De retour de Londres où il a étudié le droit, Gandhi rencontre à Bombay l’homme d’affaires Raychandbhai qu’il décrit ainsi : « les transactions commerciales de Raychandbhai couvraient des centaines de milliers. Il était connaisseur des perles et des diamants. Aucun problème d’affaires, aussi noué fût-il, n’était trop difficile pour lui. Mais toutes ces choses n’étaient pas le cercle central sur lequel tournait sa vie. Ce centre était la passion pour voir Dieu face à face. Parmi les objets déposés sur sa table de travail, il y avait invariablement quelques livres religieux et son journal. (…) C’était un chercheur de la Vérité. J’avais la conviction, enracinée au plus profond de moi, qu’il ne m’induirait jamais volontairement en erreur et me confierait toujours ses pensées les plus intimes. Dans mes moments de crise spirituelle, il était donc mon refuge. »

Le jeune Mohandas n’a pas l’étoffe d’un héros. Enfant, il a un sommeil anxieux. Jeune avocat, il souffre d’une sévère timidité qui le handicape dans l’exercice de son métier.

Le livre est principalement consacré à son séjour de plus de vingt ans en Afrique du Sud, de son arrivée en 1893 pour défendre au tribunal les intérêts d’un homme d’affaires indien jusqu’à son retour définitif  en Inde en 1915, après plusieurs campagnes de défense des intérêts de la communauté indienne du Natal victime de la discrimination. Comme Mandela, Gandhi est profondément un juriste. Il exerce d’abord sa profession comme un banal avocat d’affaires. Il met ensuite sa capacité à disséquer les lois et règlements de l’Administration ennemie, au service d’une cause.

Le moteur qui anime Gandhi, c’est sa permanente angoisse existentielle. C’est elle qui l’anime à passer des nuits de discussion passionnée avec des dizaines de gens de rencontre qui deviennent des amis à la vie et à la mort. C’est elle qui l’amène à ne jamais affirmer quelque chose sans l’avoir vérifié et documenté. C’est elle qui l’amène à voir dans l’adversaire quelqu’un dont le rôle et les actions peuvent être détestables mais qui reste une personne respectable, capable du pire mais aussi du meilleur.

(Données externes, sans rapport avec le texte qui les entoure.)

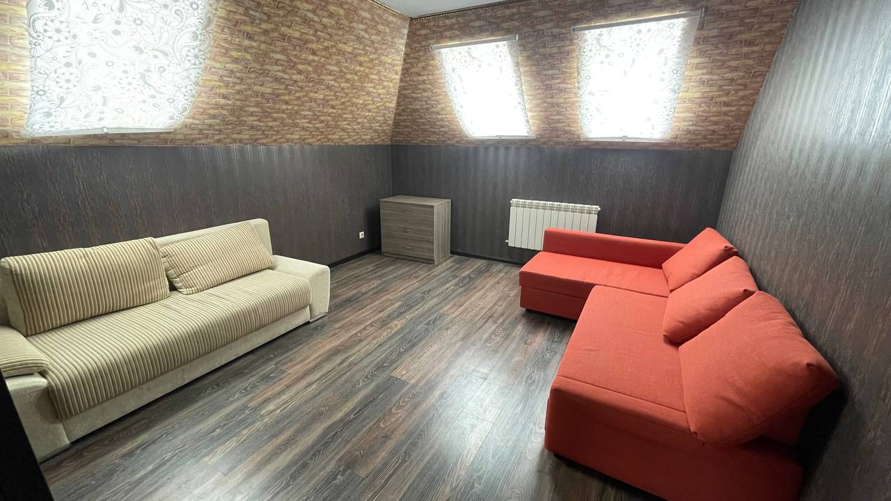 Коттедж ЛЕОН расположен в Минском районе, в 7 км от столицы, представляет собой 3 уровневый коттедж, рассчитанный на комфортное размещение 20 гостей. Коттедж в современном стиле оборудован необходимыми удобствами, в числе которых 4 спальные комнаты возможно размещение 20 гостей на ночь,ванная комната, 3 санузла , кухня с бытовой техникой, спутниковое телевидение. Особым удовольствием для гостей станет отдых на террасе, качелях, вы сможете пообщаться с близкими, подышать свежим воздухом и насладиться красоток открывающего вида. На территории коттеджа под Минском находится также баня с бассейном — место, без которого многие туристы не представляют свой загородный досуг. Пока готовится баня, гости могут пожарить шашлыки на оборудованном мангале на территории коттеджа.

Il porte en lui de profondes contradictions. C’est ainsi qu’il est viscéralement allergique à la viande et au lait jusqu’à en faire un interdit absolu pour sa vie et celle de ses proches. Mais en même temps, il fréquente des chrétiens et des musulmans et s’efforce de comparer leurs religions à la sienne dans un esprit de tolérance et d’ouverture. Habitué à vivre au milieu d’autres civilisations, rompu au dialogue, il impose pourtant comme un tyran à sa famille ses propres règles : il refuse d’envoyer ses enfants à l’école et à l’université, ce que son fils aîné ne lui pardonnera pas ; il vend au profit de ses actions militantes les bijoux offerts à son épouse lors de leur adieu à l’Afrique du Sud ; il prend le risque de refuser les médecines occidentales lorsque celle-ci tombe malade, au péril de sa vie.

La philosophie de Gandhi est connue : Ahimsa (non violence), Satyagraha (force de la vérité, résistance passive),  Brachnachanya (vœu d’abstinence, de distanciation des passions, de purification). « Il n’y a d’autre Dieu que la Vérité. Le seul moyen pour réaliser la Vérité est la non-violence. Ma dévotion pour la Vérité m’a conduit dans le champ de la politique ; ceux qui disent que la religion n’a rien à voir avec la politique ne savent pas ce que religion veut dire. Dieu ne peut jamais être réalisé par quelqu’un qui n’est pas pur de cœur. Pour atteindre la pureté parfaite, on doit devenir absolument libre de toute passion en pensée, en parole et en action, de manière à s’élever au dessus des courants contradictoires de l’amour et de la haine, de l’attachement et de la répulsion ».

Mohandas Karamchand Gandhi est mort assassiné en 1948 par un Hindou fanatique qui ne pouvait accepter son refus de la partition du continent indien selon le critère religieux. Ses angoisses et ses contradictions auraient pu le paralyser. Ils l’ont galvanisé au point d’en faire l’une des personnalités les plus marquantes du vingtième siècle.